Hey it looks like I have been given the clear to close on my new house! I am excited, (but wary of being so..) but overall glad to be able to finally put one foot in front of me and start my journey.

I will have no bed, dont know if the refrigerator I am getting from a friends storage facility will work or not, no internet/satellite t.v. 

But it appears as if I will be closing either Friday or next week.
I just cant imagine it. 
Its been such a bumpy stress ridden back and forth yes/no on a daily basis that my chest truly hurt at times, and Ive developed an eye twitch.
From finding out it was a foreclosure owned by BankofAmerica, after having two of those foreclosures bought out from under me, to searching more than forty houses which were either dumps needing major repairs to being nice houses that were short sales or had some lien on them...
To finally winning the bid on this one, and dealing with BofA and their listing agent, whom replied to any communication a week after it was initially made...
To getting an inspection and finding out the furnace didnt work, paying a friend to check it out, and it ended up being fine...
To going over there to paint a little, and do some things before the appraisal to find a major leak in the upstairs utility room that destroyed the downstairs kitchen...
To "hoping" BofA would fix it at their cost, and waiting weeks for that answer

It took a loooooong stressful time at that, just trying to have some sort of answer as to whether I would get to buy it or not, even got to the point of looking at other houses after giving up on it..

But, FINALLY, finally,, finallllyyyyy.........
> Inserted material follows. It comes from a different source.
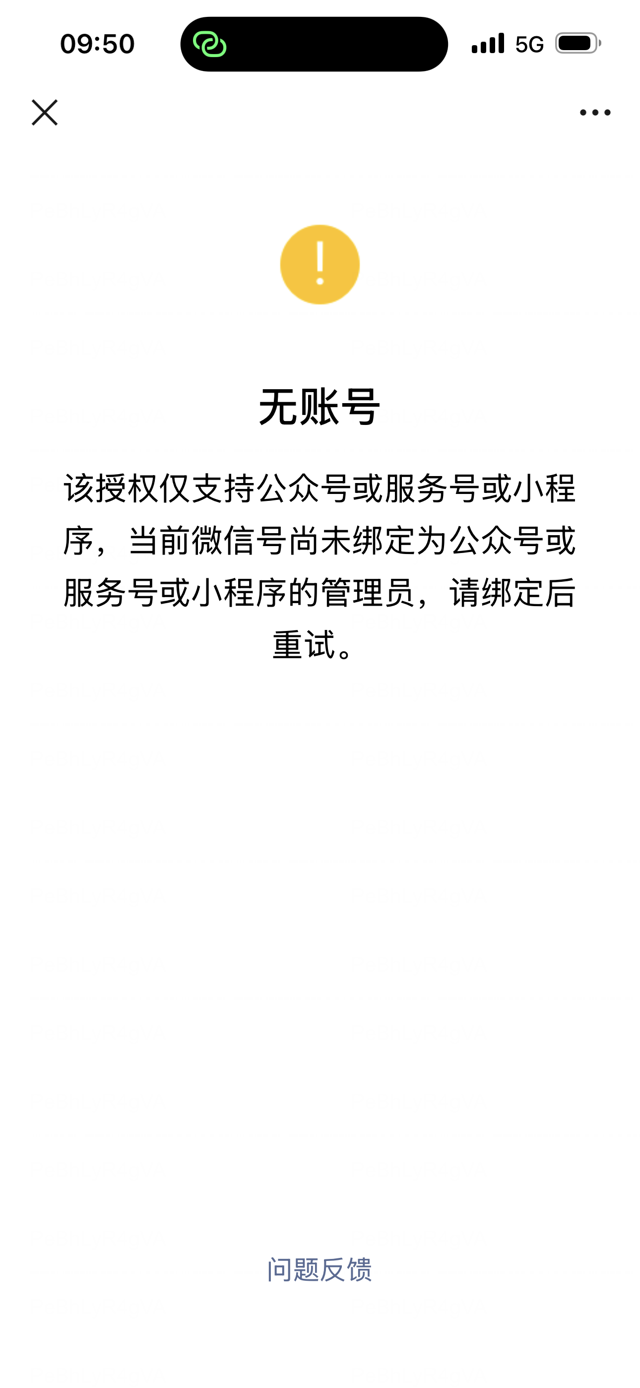 你好,请参考 https://developers.weixin.qq.com/doc/oplatform/Third-party_Platforms/2.0/troubleshooting/authorization_troubleshooting.html#%E4%BA%94%E3%80%81%E5%95%86%E5%AE%B6%E6%8E%88%E6%9D%83%E6%8F%90%E7%A4%BA%E6%97%A0%E6%B3%95%E6%8E%88%E6%9D%83%E3%80%81%E6%97%A0%E8%B4%A6%E5%8F%B7 自助排查

What?? whats that??? is,,, is that a.. a curling of my lip upward?? what?? whats this strange,, longbegone feeling??

DOH!!


----------



## AppleDucklings (Mar 27, 2011)

ahhhh Shoo! YAAAAAAYY!!! I'm going to have to take a road trip to Texas now to bring you a hot, homecooked casserole to welcome you to your new house. Here's hoping things start looking up for you from now on!


----------



## Shooboomafoo (Mar 30, 2011)

Thanks Apple!!
I'm beside myself for sure!

Hey Casserole? Bring it on!


----------



## AppleDucklings (Mar 27, 2011)

Shooboomafoo said:


> Thanks Apple!!
> I'm beside myself for sure!
> 
> Hey Casserole? Bring it on!


Casseroles rule! It's your whole meal all squished into one dish. Who doesn't love a casserole


----------



## always_hopefull (Aug 11, 2011)

Congratulations! I myself am stuck in the same house as my exh, I can't wait until the house is sold and I can move on and begin to heal.


----------



## Freak On a Leash (Feb 19, 2010)

Interesting. I'm still married and living separately from my husband! Best thing I ever did was get myself and my kids out of the house we shared. I think I would've been found hanging from my neck on a rope in the attic if I'd stayed in the same house with him.
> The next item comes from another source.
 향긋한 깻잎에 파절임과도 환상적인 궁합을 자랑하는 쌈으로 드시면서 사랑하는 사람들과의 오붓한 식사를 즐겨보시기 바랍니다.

I congratulate you on your new house. If you have to sleep on an air mattress and have only your computer for entertainment you are far better off. A year later I still consider my apartment my sanctuary and love having it. Good luck and enjoy!


----------



## TotoWeRNotInKansasAnymore (Apr 7, 2011)
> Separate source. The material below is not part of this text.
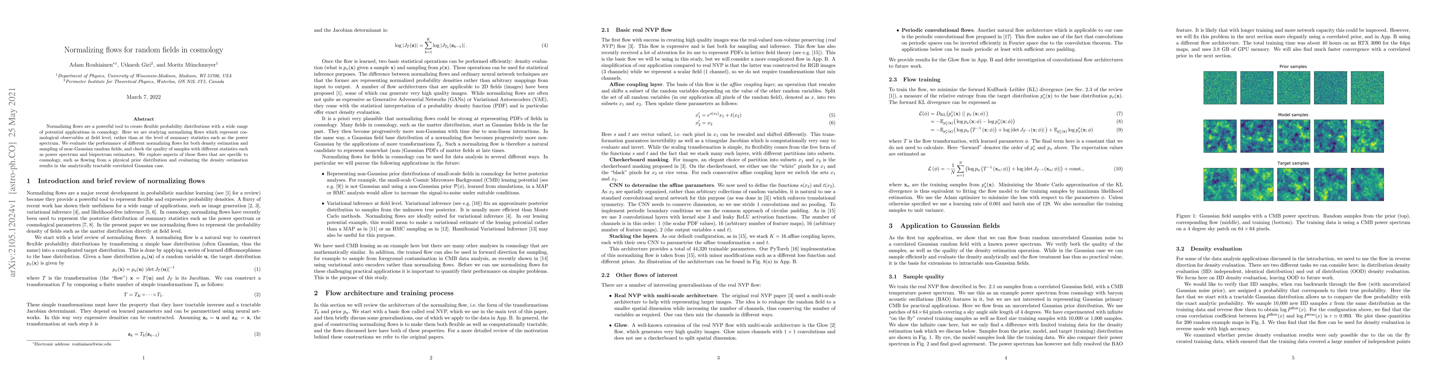 This paper investigates normalizing flows for modeling cosmological observables as random fields, evaluating their performance in density estimation and sampling. It assesses the quality of generated samples using power spectrum and bispectrum estimators, focusing on cosmologically relevant aspects like physical prior distributions and correlated Gaussian cases.

Congratulations Shoo!!! Hopefully everything else will come together in the new place without too many snags. Having your own residence should bring you more closure and peace of mind regarding the divorce.



Shooboomafoo said:


> ..... my chest truly hurt at times, and Ive developed an eye twitch.


Been there, done that ...... and then some!

Glad to hear that I am not the only person who developed an eye twitch from all the divorce and post stress. Don’t be surprised if it doesn’t go away immediately either. My eye twitched for a short time even after the stress began to alleviate. It was so dang annoying!


----------



## jayde (Jun 17, 2011)

Great news on the house Shoo. So good to hear good news on TAM.


----------



## Lon (Jun 6, 2011)

gratz man, enjoy the housewarming! As to no bed, sketchyfridge... I honestly love that kind of unknown great adventure stuff - it always makes for good memories (even if it is an unpleasing experience!)


----------



## Shooboomafoo (Mar 30, 2011)

Thanks so much you guys! Even my realtor is calling this experience a lesson in craziness. Im supposed to be signing papers today, I should get my keys on Halloween!


----------



## Sparkles422 (Jun 3, 2011)

Shoo:
Congrats! You made it through a long hard period, kick back and enjoy this success. It will be one of many in your new life that will be what you make of it.

You deserve this relief and release. Cut the cords of bondage and continue the path of freedom.

How wonderful, your own HOME.


----------